Species of flowering plant

Acronychia laevis, commonly known as hard aspen, glossy acronychia or northern white lilly pilly, is a species of shrub or small tree in the citrus family. It is native to eastern Australia (Queensland and New South Wales) Lord Howe Island, and New Caledonia. It has simple, elliptical to egg-shaped leaves, groups of creamy white flowers and fleshy, mitre-shaped to spherical fruit.

==Description==
Acronychia laevis is a shrub or small tree that typically grows to a height of 12 m. The trunk has fairly smooth, fawn bark with some vertical lines and wrinkles. The leaves are arranged in opposite pairs and are simple, elliptic to egg-shaped with the narrower end towards the base, 25–100 mm long and 10–50 mm wide on a petiole 3–30 mm long. The leaves are shiny green on both sides with a blunt or rounded tip and have oil dots that may be seen using a lens and a bright light. The flowers are mainly arranged in leaf axils in cymes 15–70 mm long, each flower on a pedicel 3.5–13 mm long. The four sepals are 0.5–1.5 mm wide, the four petals creamy white and 5–9 mm long and the eight stamens alternate in length. Flowering occurs from February to June and the fruit is a fleshy mitre-shaped to more or less spherical, dark pink drupe 7–10 mm long containing reddish-brown seeds about 4 mm long.

==Taxonomy==
Acronychia laevis was first described in 1775 by German naturalists Johann Reinhold Forster and Georg Forster who published the description in their book Characteres Generum Plantarum. The specific epithet laevis is the Latin adjective "smooth", and refers to the new shoots and leaves.
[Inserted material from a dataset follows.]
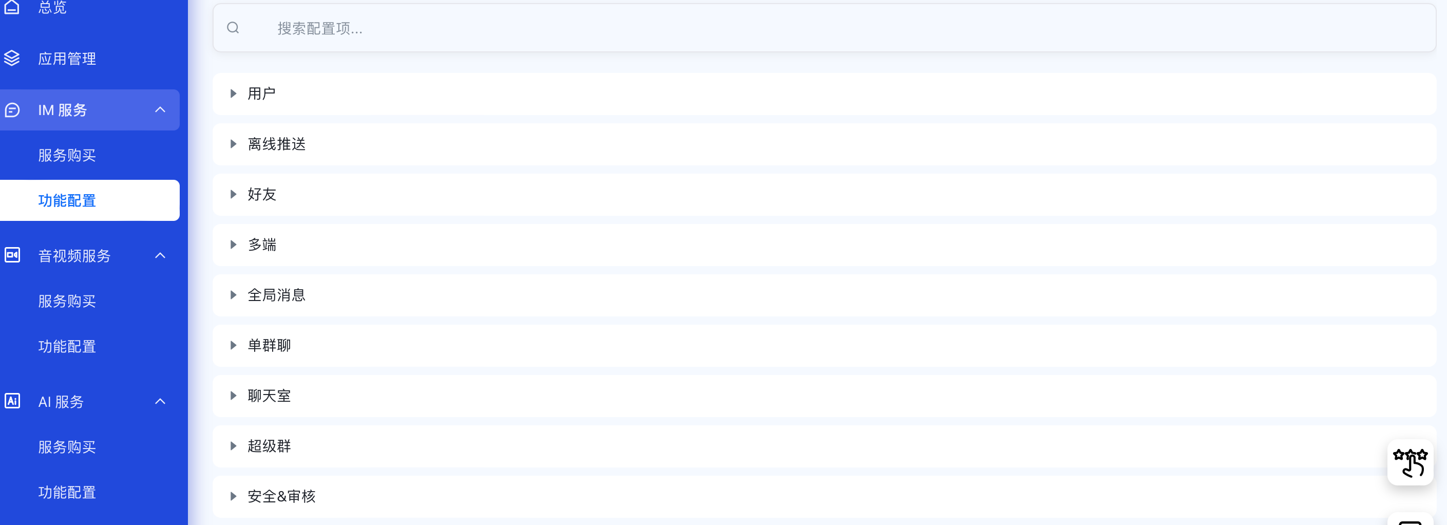 按服务分类(IM、音视频、AI),不同服务的功能配置全部聚合到对应服务的“功能配置”页面中。

==Distribution and habitat==
Hard aspen grows in dry rainforest and subtropical rainforest from sea level to an altitude of 1100 m. It is found from the upper Clarence River, New South Wales in New South Wales to Cape York Peninsula in Queensland, on New Caledonia and on Lord Howe Island.

==Ecology==
The fruit is eaten by the green catbird.

==Use in horticulture==
Acronychia laevis can be grown in a sunny or part-shaded position in a garden. Its attractive fruit and flowers have horticultural appeal. It can be propagated from seed, although cuttings may also be attempted. The fruit is edible to humans, although described as too pungent to be palatable, and have even been likened to turpentine.